The real expression is less scary than that because Triton adds bit masks. Let’s see what SSPAM has to say:

$ sspam "`cat x27_exprs`"
((((((4836359357488159561L | (~ (~ (13456819786791428364L ^ ((13456819786791428364L & (~ bss_val1)) | (bss_val1 & 4989924286918123251L)))))) & 14493815827385387729L) | ((~ (4836359357488159561L | (~ (~ (13456819786791428364L ^ ((13456819786791428364L & (~ bss_val1)) | (bss_val1 & 4989924286918123251L))))))) & 3952928246324163886L)) ^ ((14493815827385387729L & (~ ((- (~ bss_val1)) + (4836359357488159562L | (~ bss_val1))))) | (((- (~ bss_val1)) + (4836359357488159562L | (~ bss_val1))) & 3952928246324163886L))) | (~ ((4836359357488159561L | (~ (~ (13456819786791428364L ^ ((13456819786791428364L & (~ bss_val1)) | (bss_val1 & 4989924286918123251L)))))) | (~ ((- (~ bss_val1)) + (4836359357488159562L | (~ bss_val1))))))) ^ 2682528569860323030L)

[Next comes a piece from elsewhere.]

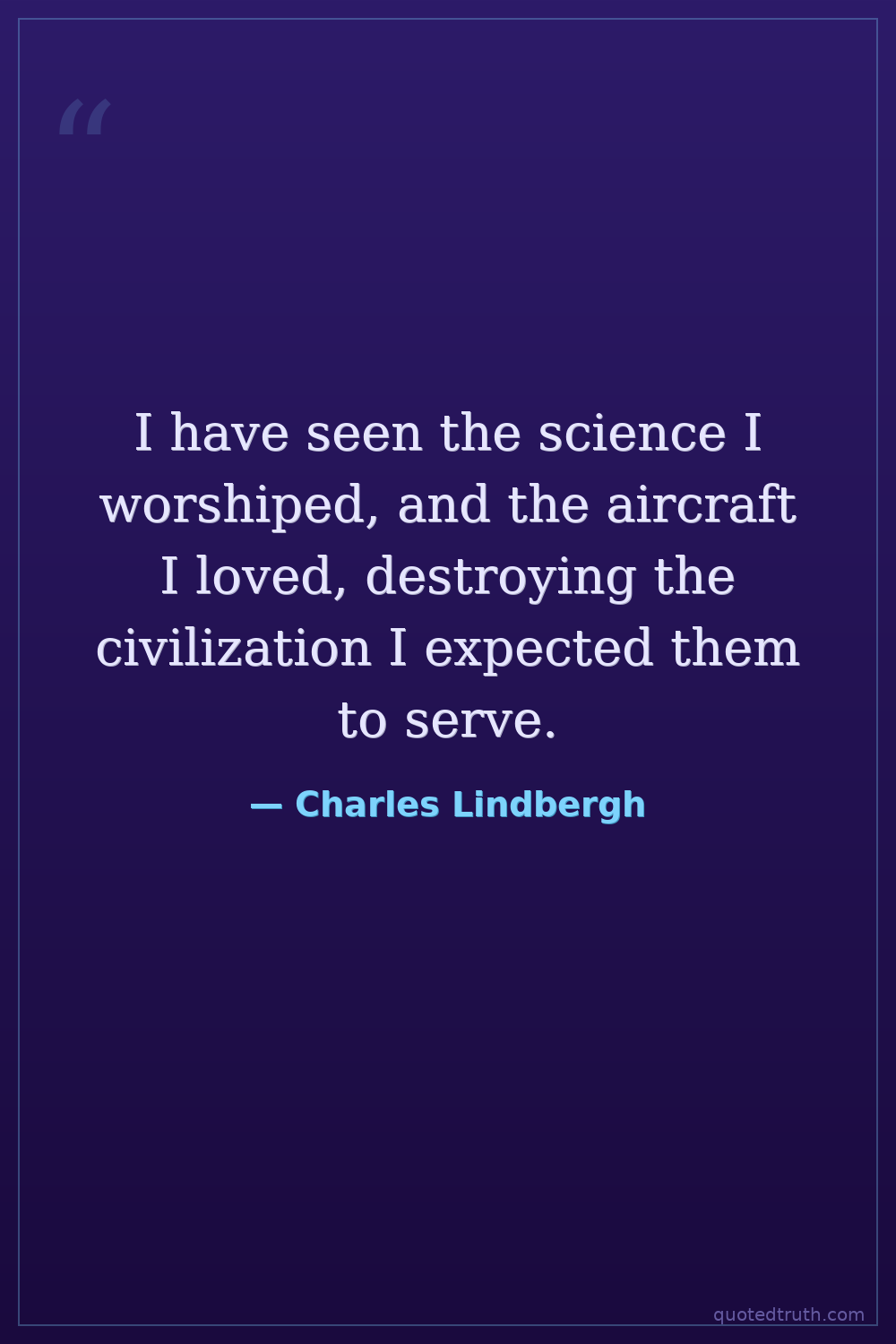 I have seen the science I worshiped, and the aircraft I loved, destroying the civilization I expected them to serve.

That’s not too good. So SSPAM, the only tool that I know to exist for MBA re-write rules, didn’t give a meaningful simplification. So I thought let’s try some synthesis, I used Python’s eval to plug in different inputs to this expression and see how the bits in the output react (try it yourself, it’s fun). In the end my synthesized expression was:

0x99DB8D4C50945260 ^ bss_val1 & ~0x3

Can’t see it getting simpler than this, but is it identical to the obfuscated expression? Let’s ask Z3:

>>> z3.prove(obfsc_expr == simp_expr)
proved

Bingo!

EDIT: @adriengnt brought to my attention Arybo which he worked on at Quarkslab (they seem to have a monopoly on MBA). It was able to simplify the expression above in one go¹⁴. I’d say this is state of the art as far as MBA obfuscation goes. Its concepts¹⁵ are interesting if you wanna get technical.

We cool, Snap?

There’s much more to token generation than obfuscations. Being able to work with the binary at this level is only half the battle. I won’t disclose how to communicate with the API, because if Godfather has taught us anything, it’s that the perfect number of sequels is one.